前庭神経鞘腫(聴神経腫瘍)は,第8脳神経のシュワン細胞由来の腫瘍である。症状としては片側難聴などがある。診断は聴覚検査に基づき,MRIによって確定する。必要な場合の治療は,外科的切除,定位放射線治療,またはその両方による。
前庭神経鞘腫はほとんどの場合,第8脳神経の前庭神経から起こり,全頭蓋内腫瘍の約7%に相当する。腫瘍が拡大するにつれて,腫瘍は内耳道から小脳橋角部に向かって突出し,第7脳神経および第8脳神経を圧迫する。腫瘍が拡大し続けると,小脳,脳幹,および近接する脳神経(第5脳神経および第9~12脳神経)も圧迫される場合がある。
両側性前庭神経鞘腫は,神経線維腫症II型の一般的な特徴である。
前庭神経鞘腫の症状と徴候
緩徐に進行する片側性の感音難聴が,前庭神経鞘腫の特徴的な症状である。しかしながら,難聴は突然発症することがあり,障害の程度が変動することもある。その他の初期症状としては,片側の耳鳴,浮動性めまいと平衡障害,頭痛,耳の圧迫感または耳閉感,耳痛,三叉神経痛,顔面神経が侵されることによる顔面のしびれまたは筋力低下などがある。
前庭神経鞘腫の診断
聴力検査
ガドリニウム造影MRI
大抵の場合,聴力検査が前庭神経鞘腫を診断するために行われる最初の検査である。通常,この検査で検出されるのは,左右非対称の感音難聴,および難聴の程度から予想されるよりも強い語音弁別能の障害である。このような所見は,画像検査,望ましくはガドリニウム造影MRIの必要性を示唆する。しかし,他の理由で実施した脳画像検査で腫瘍が偶然発見されることもある。
その他の所見としては,ティンパノメトリーでのアブミ骨筋反射の減衰などがある。聴性脳幹反応検査により,波形の消失および/または第V波の潜時の延長が示される場合がある。

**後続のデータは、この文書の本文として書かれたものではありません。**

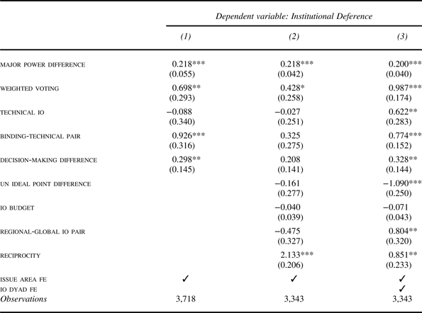 Notes: Results of generalized linear models estimating the effect of member state power and IO characteristics on directed institutional deference. All models include controls for membership overlap, an indicator for nested IOs, and a cubic polynomial for time (not shown). Statistical significance is denoted by: *p < 0.1; **p < 0.05; ***p < 0.01.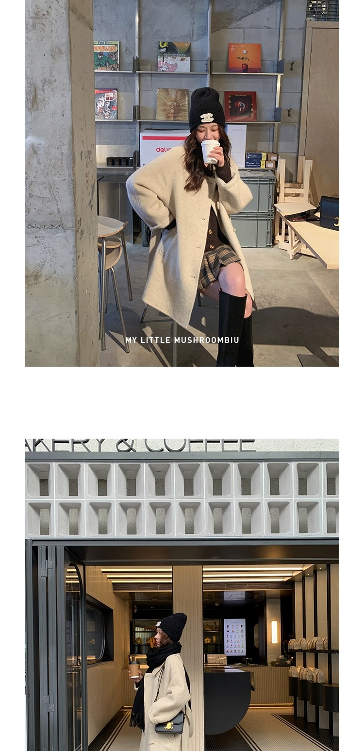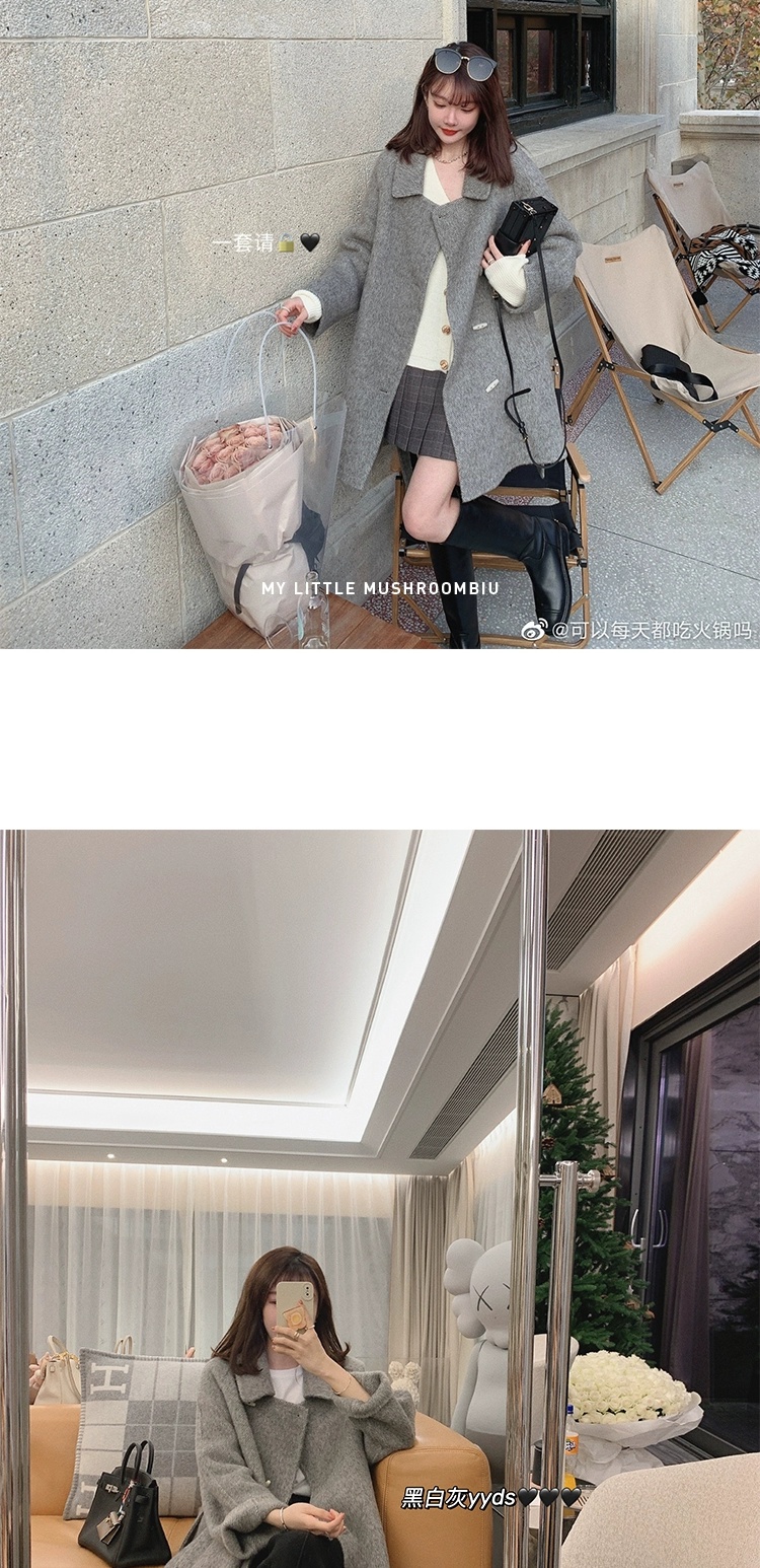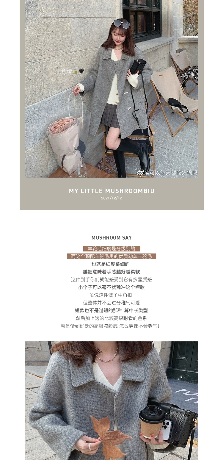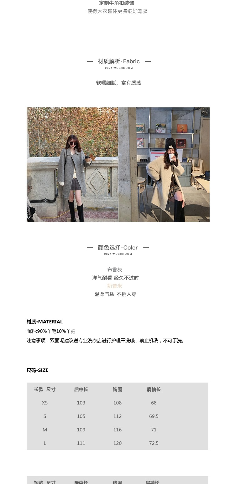金蘑菇菇(奶昔米 短M、布鲁灰 长S)【格兰堡少女】定制牛角扣+嵿配羊驼加码克重!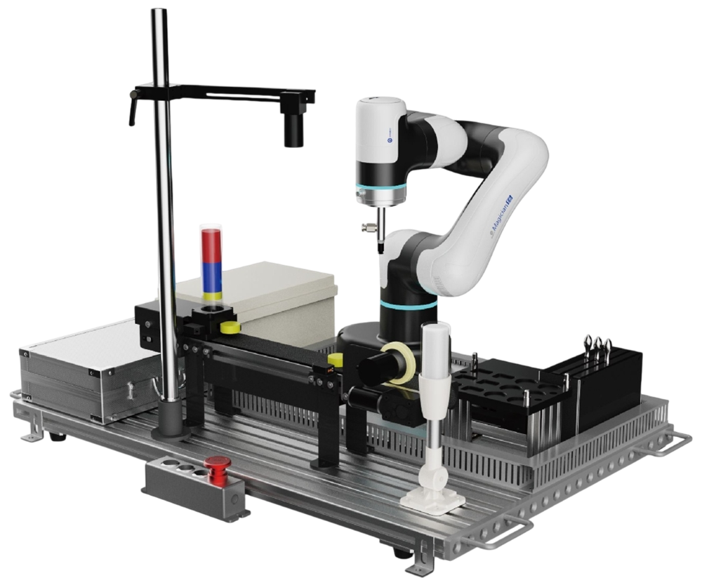 Универсальная коллаборативная роботизированная платформа обучения - платформа обучения студентов профессиональных училищ и сотрудников предприятий, которая включает в себя роботов, систему управления, систему технического зрения, ленточный транспортер и другие компоненты. Платформа предусматривает модульную конструкцию, ее можно легко комбинировать для моделирования автоматической работы: обнаружения, захвата, перемещения, загрузки на поддоны и сборки объектов. В учебных проектах она может использоваться для калибровки роботизированных систем, отслеживания траектории и управления связью. С помощью платформы учащиеся приобретают навыки работы с интеллектуальными роботизированными системами, а также улучшают и получают практические навыки.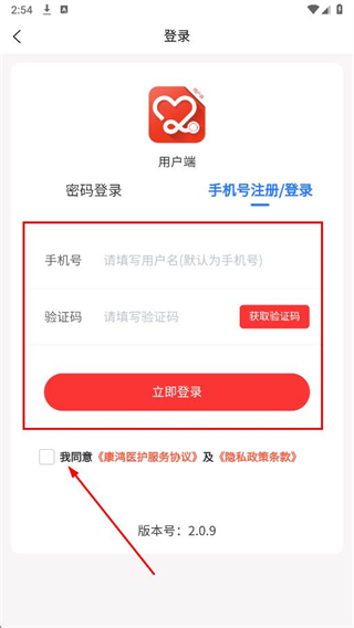 3、输入手机号和验证码,勾选协议,点击立即登录,完成注册。
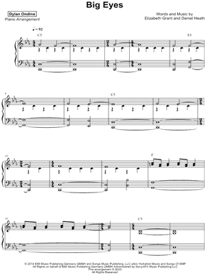 Browse our 2 arrangements of "Big Eyes." Sheet music is available for Piano, Voice with 3 scorings in 4 genres. Find your perfect arrangement and access a variety of transpositions so you can print and play instantly, anywhere.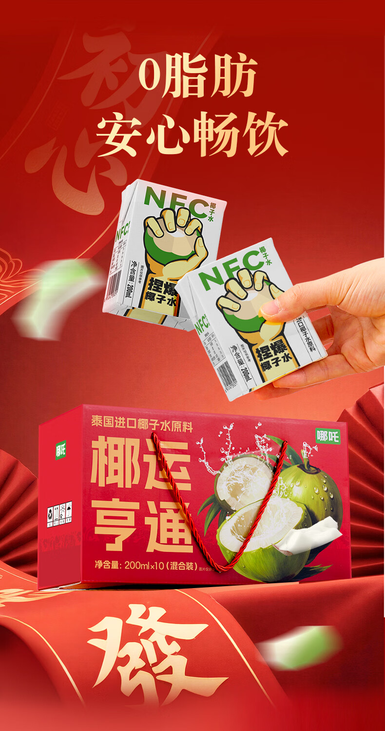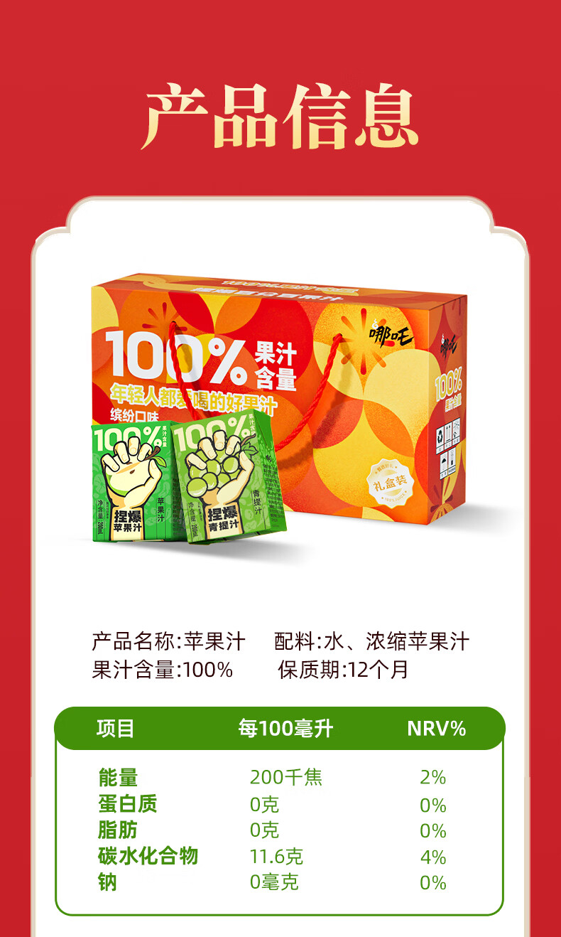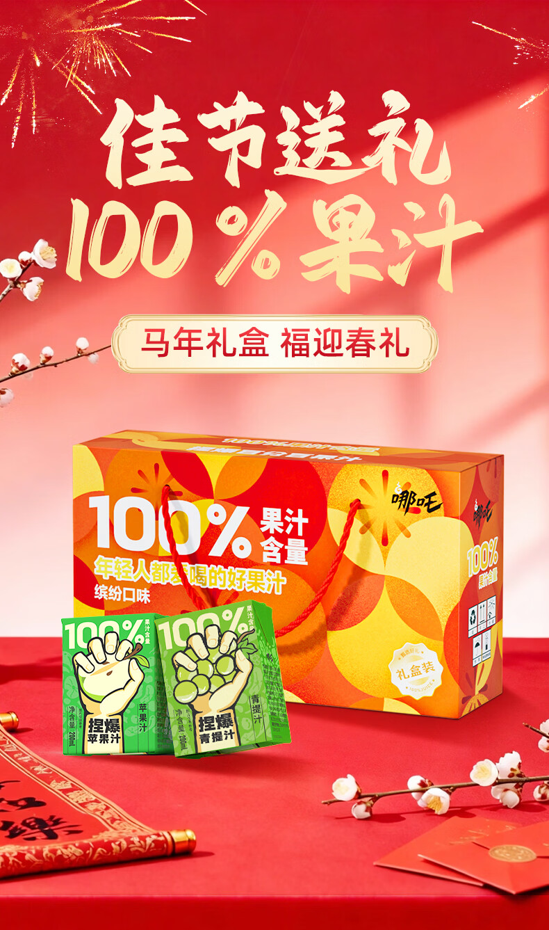 哪吒甜橙雪梨苹果青提青柠白桦树西梅汁椰子水年货送礼盒饮料品含维C 捏爆100%青提汁2L*2瓶 哪吒捏爆果汁

通常,非対称性感音難聴患者のルーチンの評価では必要とされないが,温度刺激検査を行うと,患側の前庭の著しい活動性低下(半規管麻痺)が明らかになる。
前庭神経鞘腫の治療
経過観察
ときに,選択された症例で外科的切除または定位放射線治療
無症候性(すなわち,偶然発見される)で,増大しない小型の前庭神経鞘腫は治療を必要としない;こうした腫瘍は,経時的なMRIにより経過観察し,増大し始めたり,症状が生じたりした場合に治療すればよい。定位放射線治療(例,ガンマナイフまたはサイバーナイフによる放射線療法)と従来のマイクロサージャリーのどちらを使用するかは,残聴,腫瘍のサイズ,ならびに患者の年齢および健康状態など,多数の要因によって決まる。定位放射線治療は,高齢患者,小型の腫瘍を有する患者,または医学的な理由により手術を受けられない患者に使用される傾向がある。マイクロサージャリーでは,聴力保存アプローチ(中頭蓋窩法または後迷路法)または残聴がほとんどなければ経迷路法が必要になる場合がある。
要点
前庭神経鞘腫は通常は片側性であるが,神経線維腫症II型では両側性となることがある。
片側難聴にときに耳鳴および浮動性めまいを伴うのが典型的である。
大型および/または症候性の腫瘍は,定位放射線手術または従来のマイクロサージャリーにより治療する。
無症候性で,増大しない小型の腫瘍は,経時的なMRI撮影によって経過観察してよい。